# Problem requirements
Which lines of the entries below run from the one holding "В числе награжденных" to the one holding "Das hier abgebildete", inclusive? Set down exactly those lines and no others.
++++ Stored data
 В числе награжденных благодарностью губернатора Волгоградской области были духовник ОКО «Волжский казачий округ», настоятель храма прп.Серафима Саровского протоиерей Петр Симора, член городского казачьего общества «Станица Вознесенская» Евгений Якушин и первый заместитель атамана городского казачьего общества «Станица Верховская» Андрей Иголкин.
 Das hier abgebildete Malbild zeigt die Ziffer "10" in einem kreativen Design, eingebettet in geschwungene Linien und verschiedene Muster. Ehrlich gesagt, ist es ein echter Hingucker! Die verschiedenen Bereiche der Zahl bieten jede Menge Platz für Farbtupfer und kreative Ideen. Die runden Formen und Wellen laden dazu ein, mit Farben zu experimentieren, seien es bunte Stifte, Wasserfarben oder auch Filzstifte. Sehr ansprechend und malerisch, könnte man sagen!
++++++++
++++ Stored data
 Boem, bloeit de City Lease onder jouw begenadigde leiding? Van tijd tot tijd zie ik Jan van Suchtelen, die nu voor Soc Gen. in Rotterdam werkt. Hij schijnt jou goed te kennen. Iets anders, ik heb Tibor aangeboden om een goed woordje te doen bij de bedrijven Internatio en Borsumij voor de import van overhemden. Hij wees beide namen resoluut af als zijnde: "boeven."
++++++++
# Written answer
 В числе награжденных благодарностью губернатора Волгоградской области были духовник ОКО «Волжский казачий округ», настоятель храма прп.Серафима Саровского протоиерей Петр Симора, член городского казачьего общества «Станица Вознесенская» Евгений Якушин и первый заместитель атамана городского казачьего общества «Станица Верховская» Андрей Иголкин.
 Das hier abgebildete Malbild zeigt die Ziffer "10" in einem kreativen Design, eingebettet in geschwungene Linien und verschiedene Muster. Ehrlich gesagt, ist es ein echter Hingucker! Die verschiedenen Bereiche der Zahl bieten jede Menge Platz für Farbtupfer und kreative Ideen. Die runden Formen und Wellen laden dazu ein, mit Farben zu experimentieren, seien es bunte Stifte, Wasserfarben oder auch Filzstifte. Sehr ansprechend und malerisch, könnte man sagen!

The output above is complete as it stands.